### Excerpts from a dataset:
———

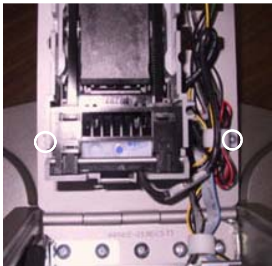
FIGURE 4 - SCREWS FASTENING LARGE BILL ACCEPTOR NOSE TO MOUNTING PLATE
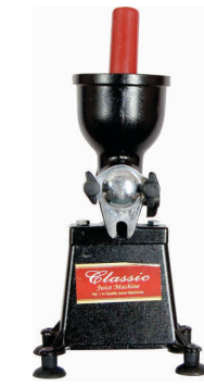
Juicer No. 18
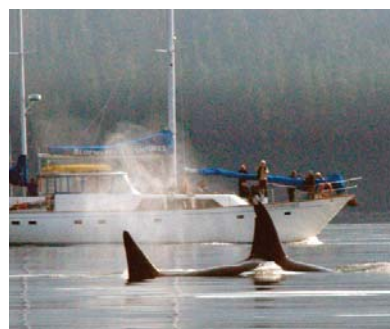
An intimate experience with a group of traveling transient orcas

Travel local also refers to a style of travel. It is about being off the beaten path, away from the main tourism routes and attractions – somewhere where the locals travel! The number one market for Bluewater Adventures is Canada... Canadians who know you
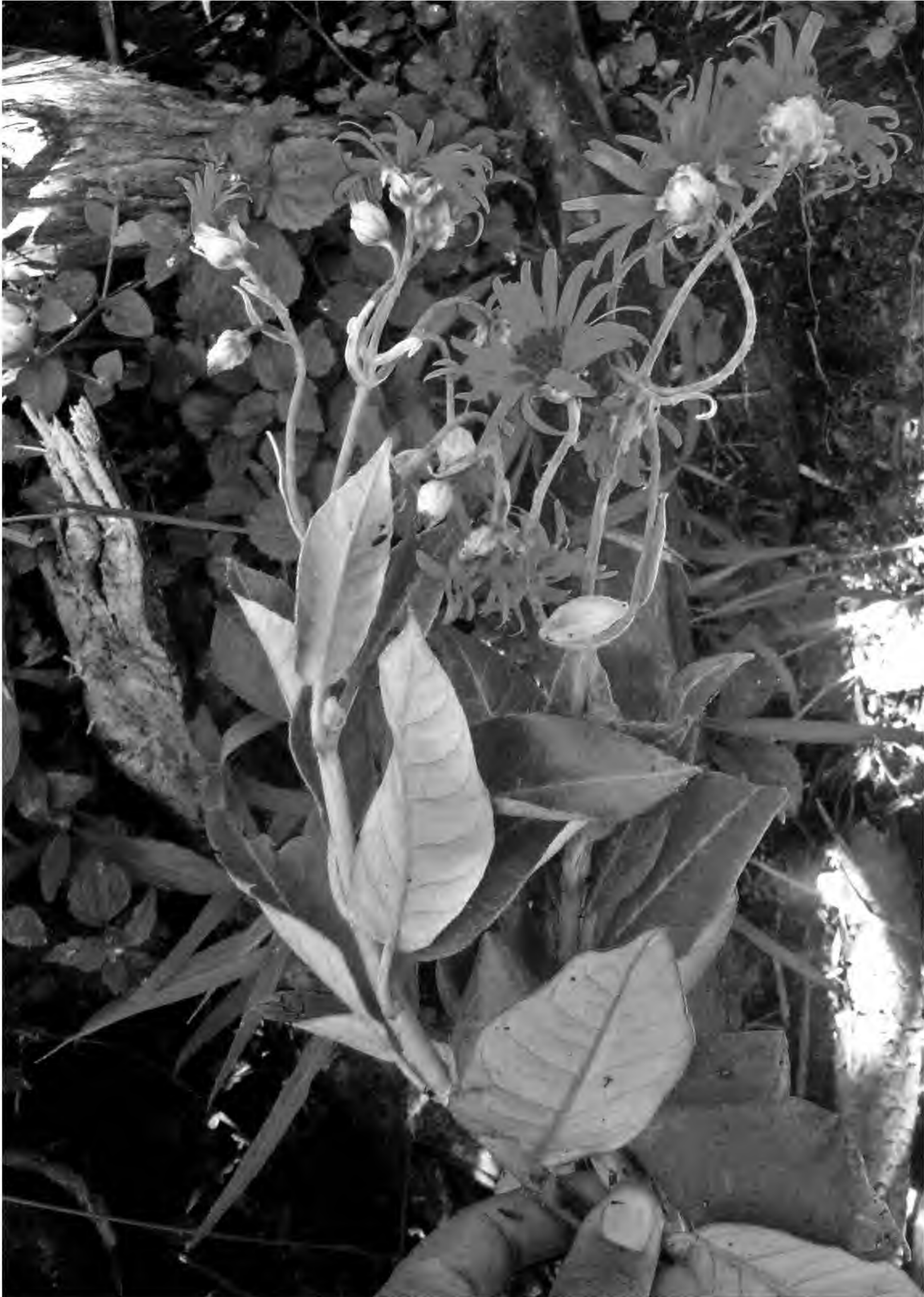
Figure 2. Munnozia ortiziae Pruski. Distal portion of stem showing the discolored leaves and the subequal to obcordate, tomentose-sericeous phyllaries ( Castillo 346 ).

———

### What to do:
Please reproduce each entry above word for word and keep the pictures out of the copy.

### Solution:
FIGURE 4 - SCREWS FASTENING LARGE BILL ACCEPTOR NOSE TO MOUNTING PLATE
Juicer No. 18
An intimate experience with a group of traveling transient orcas

Travel local also refers to a style of travel. It is about being off the beaten path, away from the main tourism routes and attractions – somewhere where the locals travel! The number one market for Bluewater Adventures is Canada... Canadians who know you
Figure 2. Munnozia ortiziae Pruski. Distal portion of stem showing the discolored leaves and the subequal to obcordate, tomentose-sericeous phyllaries ( Castillo 346 ).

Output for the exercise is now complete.